For his previous books, Loewenstein traveled widely, from Palestine to Iran, from Saudi Arabia to China, from Cuba to Egypt and beyond. For “Disaster Capitalism,” Loewenstein went even further. When Salon contacted him to schedule an interview, the intrepid journalist seemed every time to not only be in a different country, but even on a different continent.
This is the first in a two-part review of Loewenstein’s reporting in “Disaster Capitalism.” Another piece will be devoted to Loewenstein’s findings in Haiti, a small country that has been virtually taken over by Western NGOs. Loewenstein spoke with Salon about both little-discussed yet tremendously important issues.
Jack, the British PMC managing director you met in Kabul, said “we don’t call ourselves mercenaries.” Are they mercenaries? Should they be called that?
Not all private security interests in Afghanistan are mercenaries; many men are just security guards protecting embassies or Western interests. But mercenaries are a little-reported aspect of the war, either directly engaged in killing or capturing suspected insurgents (a key failing of the Western war in the country has been its insistence on designating any opponent of the conflict as “Taliban” and therefore “terrorist”) or training Afghan forces to do the same thing, often inflaming conflicts in local villages.

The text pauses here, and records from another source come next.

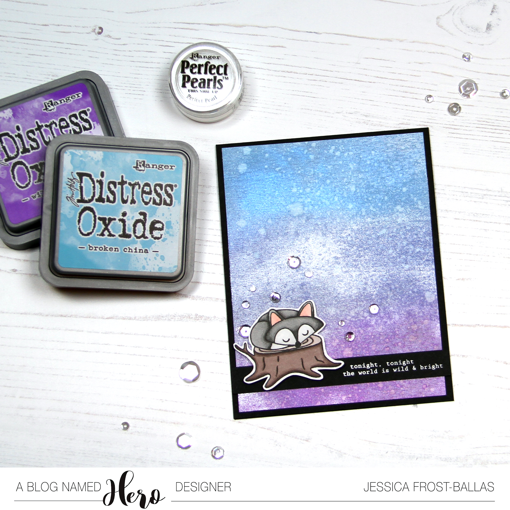 Next I blended broken china, faded jeans, and wilted violet distress oxides onto a piece of watercolor paper and spritzed it with water. Then I swiped a perfect medium pad across the card randomly and then brushed on perfect pearls powder. I used a swiffer to wipe off the excess and then spritzed it again with water to set the powder. I stamped the sentiment from Hero Arts Kelly’s Good Night onto black cardstock and heat-embossed it with white embossing powder. I adhered the distress oxide panel to a black card base and then added the sentiment and my fox. I used foam mounting tape to pop up my fox for a little more dimension. Finally I added a mix of Crystal Clear sequin fusion mix and the Sparkling Crystals embellishments to create sparkling stars in my night sky!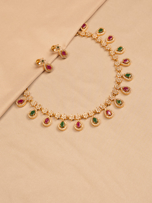Gold Plated Stone Necklace Set with Green & Ruby Teardrop Charms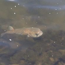 ティラピアがウヨウヨいます。サヨリやオジサンのような魚、大きいハコフグもいました。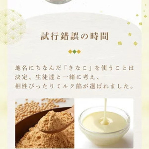 白餡とミルクを絶妙に合わせたなめらかな餡を包み込み、仕上げにきなこをまぶしました。きなこの風味とミルク餡のやさしい甘さが調和する、どこか懐かしい味わいです。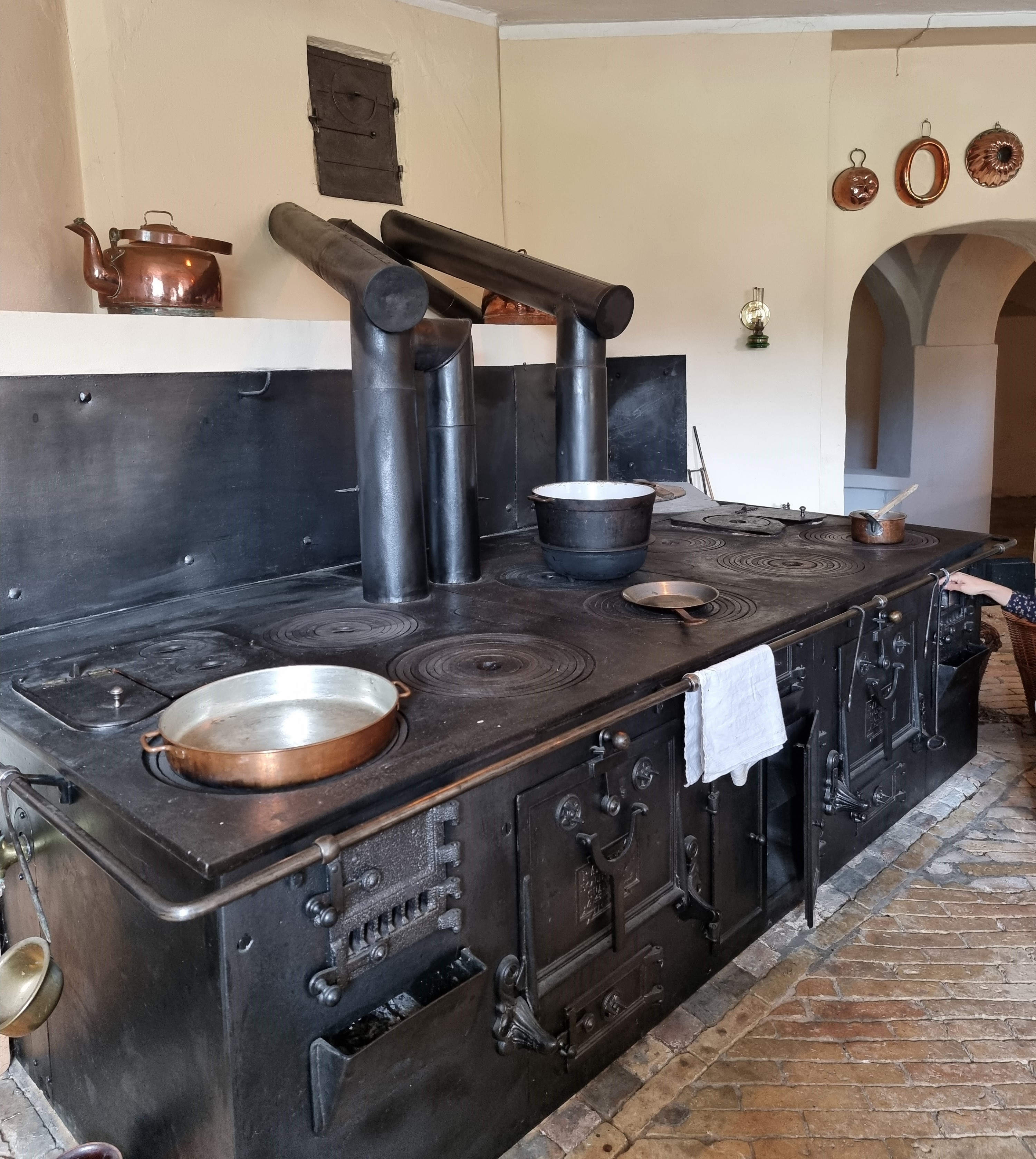 Reventlow-Museet Pederstrup har nemlig trukket i mig, netop på grund af det flotte og meget store komfur fra midten af 1800-tallet, som er en del af museet. Det blev for nyligt restaureret, så det kunne bruges igen. Her er gang i komfuret hver torsdag, så selvfølgelig var datteren og jeg afsted om torsdagen.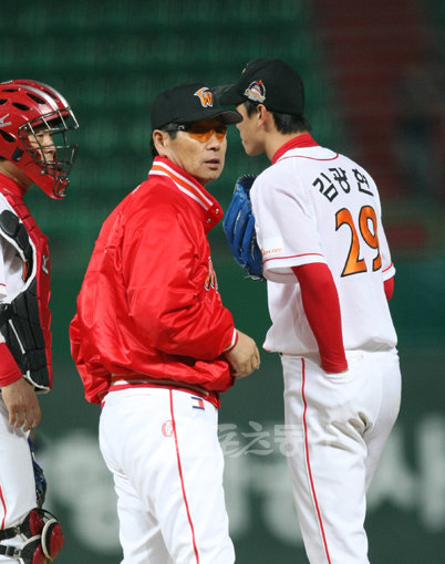 SK 김성근 감독은 에이스 김광현(오른쪽)을 스프링캠프 참가 명단에서 제외했다. ‘야신’의 숨은 뜻은 과연 무엇일까. 스포츠동아DB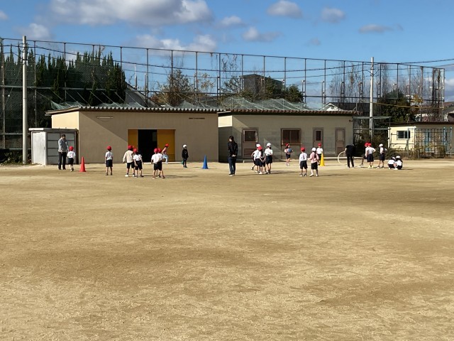 2組は、運動場でボール投げの練習をしました。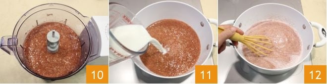 bata-os até obter um molho sem grumos 10, transfira-o para uma panela, adicione o leite 11 e aqueça o molho, mexendo com um batedor 12.

You call imperialism “the dirtiest word in modern English” and note, “There is not a country I visited for this book in which the legacy of imperialism does not scar the landscape and people.” You also point out that “there were often more contractors than soldiers in Afghanistan.” Jack said it is cheaper for countries to use PMCs than it is to put their own boots on the ground.
Do you see this as an outsourcing of imperialism and neo-colonialism, if you will? Is this how war will work in the future?
The U.S. government, along with its many allies, likes using private assets to further geo-political interests. The initial motivation when invading Afghanistan was revenge for 9/11, but this quickly morphed into a messy project to control the nation and partner with a corrupt central government and warlords across the country.